The transaction was completed for an equity value of GBP 239 million, plus an agreed profit ticker from March 31, 2025, until closing, subject to permitted leakages and customary adjustments under the SPA. Shares of Zydus Wellness Ltd ended at ₹2,012.50, down by ₹19.30, or 0.95%, on the BSE.
Zydus Wellness Limited on Friday (August 29) announced that Alidac UK Limited, its wholly owned subsidiary, has acquired Comfort Click Limited (CCL), a UK-based company operating in the vitamins, minerals and supplements (VMS) segment. The acquisition, concluded on August 29, 2025, marks Zydus Wellness’ first overseas acquisition and entry into the VMS category.
Under the share purchase agreement (SPA) signed with the sellers, Alidac acquired 100% of the outstanding ordinary shares of Class A and Class B, 71.43% of non-controlling ordinary shares of Class C, and 66.67% of non-controlling ordinary shares of Class D. As a result, CCL has become a wholly owned subsidiary of Alidac and a step-down subsidiary of Zydus Wellness.
The transaction was completed for an equity value of GBP 239 million, plus an agreed profit ticker from March 31, 2025, until closing, subject to permitted leakages and customary adjustments under the SPA.

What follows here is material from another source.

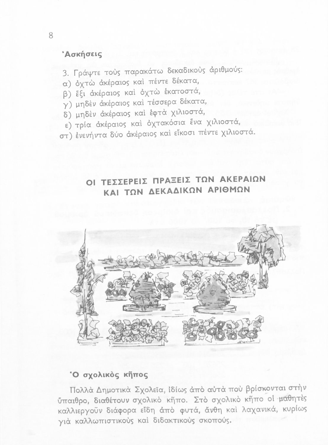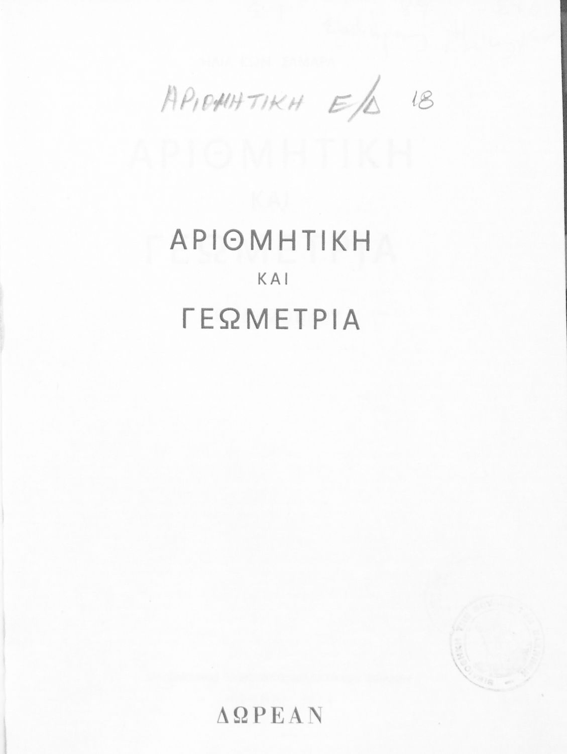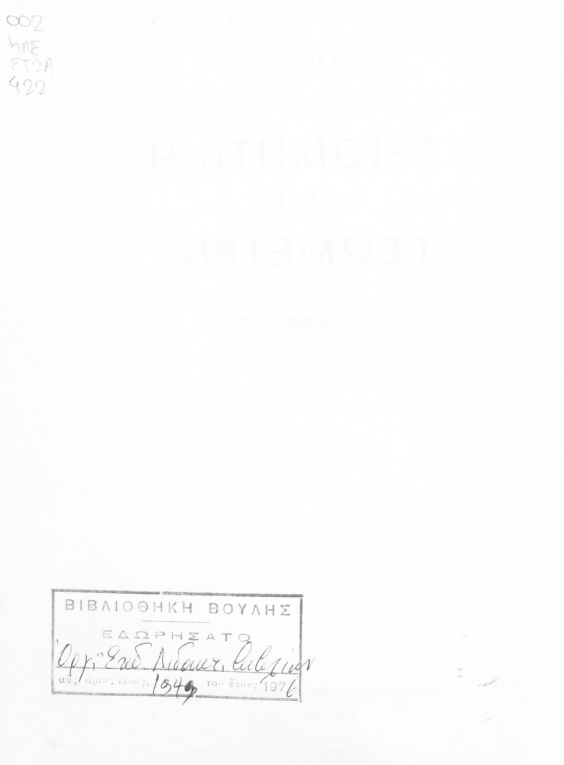 Σχολικό εγχειρίδιο Μαθηματικών Ε' Δημοτικού που περιέχει τις βασικές πράξεις αριθμητικής και παρουσιάζει τα κυριότερα γεωμετρικά σχήματα και τους τρόπους μέτρησής τους.

Also Read: Zydus Wellness sees shares worth ₹879 crore change hands in block deal window
CCL, headquartered in the UK, operates across the UK and Europe and is expanding its presence in the United States. It reported consolidated revenues of GBP 134 million (unaudited) for the year ended June 30, 2025, with a five-year CAGR of 57% and adjusted operating profit of GBP 21 million. The European VMS market is estimated at GBP 11 billion.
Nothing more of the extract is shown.